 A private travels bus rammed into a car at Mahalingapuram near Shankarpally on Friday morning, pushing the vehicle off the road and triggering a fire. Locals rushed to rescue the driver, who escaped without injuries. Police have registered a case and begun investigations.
---
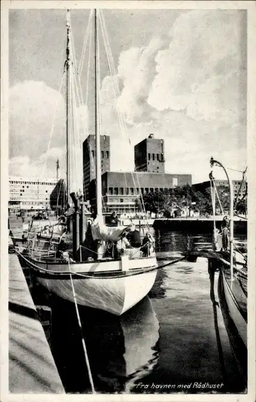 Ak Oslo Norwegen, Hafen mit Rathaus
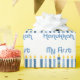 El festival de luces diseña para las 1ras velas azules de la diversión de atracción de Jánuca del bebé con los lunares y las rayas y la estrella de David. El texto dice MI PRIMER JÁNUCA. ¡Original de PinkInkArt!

> _Aim of the task_
Only one stretch of the listing is wanted: the lines starting at the one with "Ak Oslo Norwegen, Hafen mit Rathaus" and ending at the one with "El festival de", copied exactly and free of pictures.

> _Finished task_
 Ak Oslo Norwegen, Hafen mit Rathaus
 El festival de luces diseña para las 1ras velas azules de la diversión de atracción de Jánuca del bebé con los lunares y las rayas y la estrella de David. El texto dice MI PRIMER JÁNUCA. ¡Original de PinkInkArt!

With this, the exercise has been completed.